28 février 2021 20:33

Au Luxembourg

43% de cas en plus sans le Large Scale Testing

LUXEMBOURG - Menée sur la première phase du dépistage massif, une étude démontre le rôle des asymptomatiques dans la propagation du virus et définit les secteurs à risque.

Lancé en mai dernier au Luxembourg, le Large Scale Testing (LST) a été précieux selon une étude menée lors de la première phase (27 mai 15 septembre) et publiée par «The Lancet». D'après les modélisations du groupe de chercheurs (Uni, LIH, Research Luxembourg), il y aurait eu 42,9% de cas de Covid en plus (environ 5 000 contaminations supplémentaires) sans ce dépistage massif auxquels ont pris part 49% des résidents et 22% des frontaliers.
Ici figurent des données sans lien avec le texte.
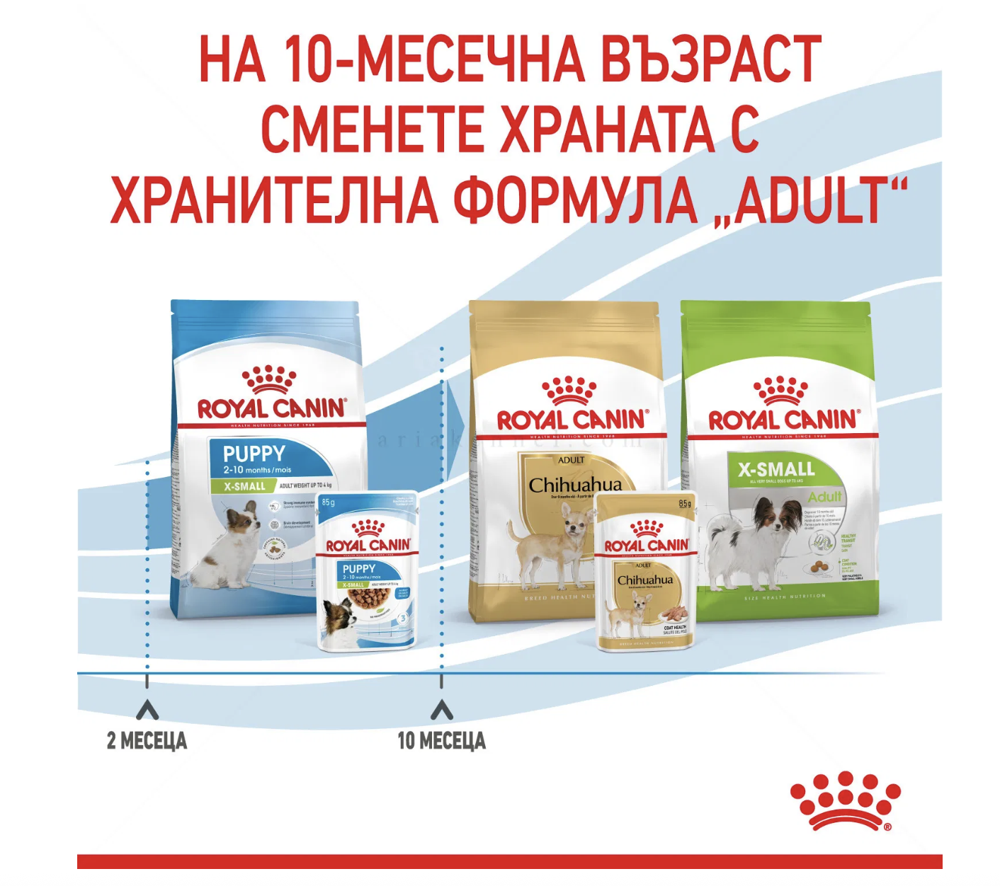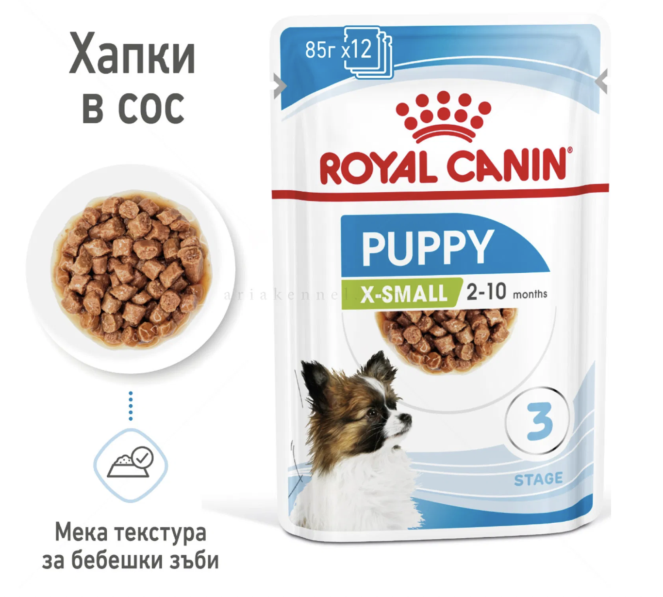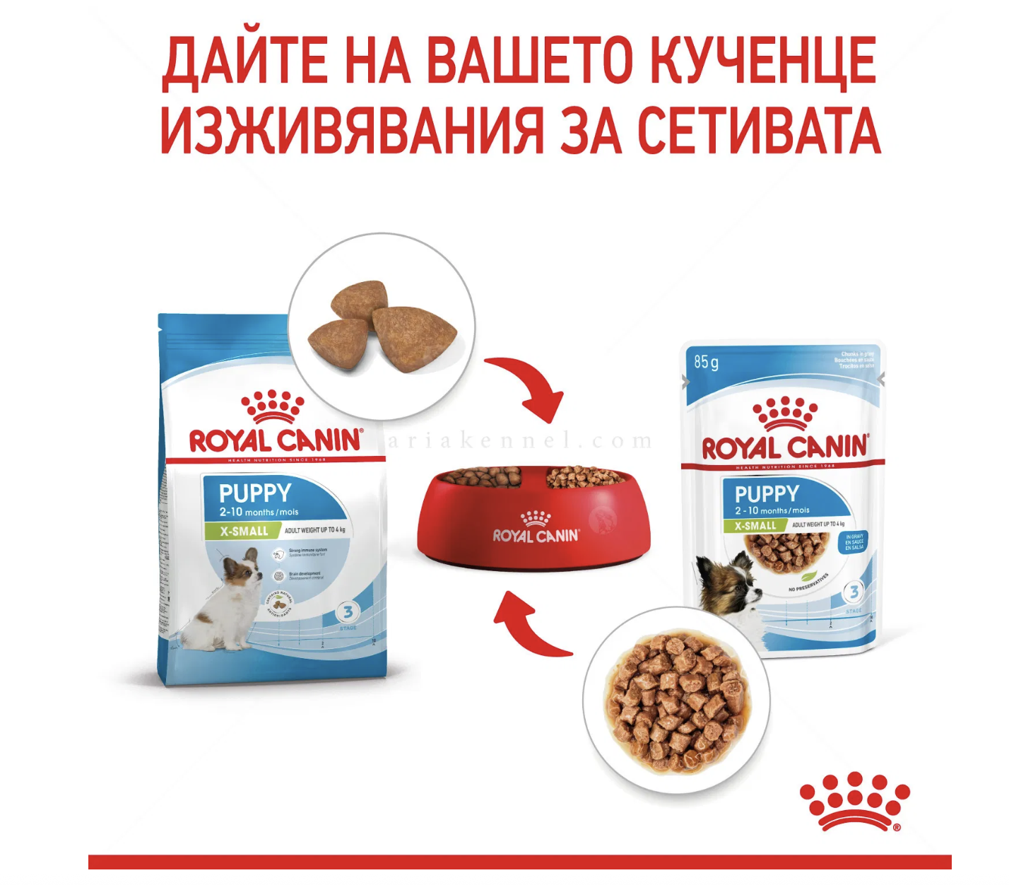 ROYAL CANIN X-Small Puppy пауч хапки в сос е специално разработен за удовлетворяване на хранителните потребности на кученцата от миниатюрните породи.

Le LST aurait permis d'identifier 26% des cas décelés sur la période.

L'étude confirme «que les porteurs asymptomatiques (quatre fois plus nombreux) infectent en moyenne presque le même nombre de personnes que les symptomatiques». Outre des différences régionales, les secteurs des services, de l’hôtellerie ou de la construction ont connu plus d'infections.

Une participation totale au dépistage (100%) aurait encore réduit les cas de 39,7%, soit d'environ 5 000. Des invitations ciblées et récurrentes permettent d'augmenter le taux de participation, ajoutent les auteurs de l'étude qui concluent également que «le dépistage de masse permet de supprimer la dynamique épidémique. Un seuil de 150 cas positifs pour 100 000 par semaine devrait déclencher le test de groupes entiers».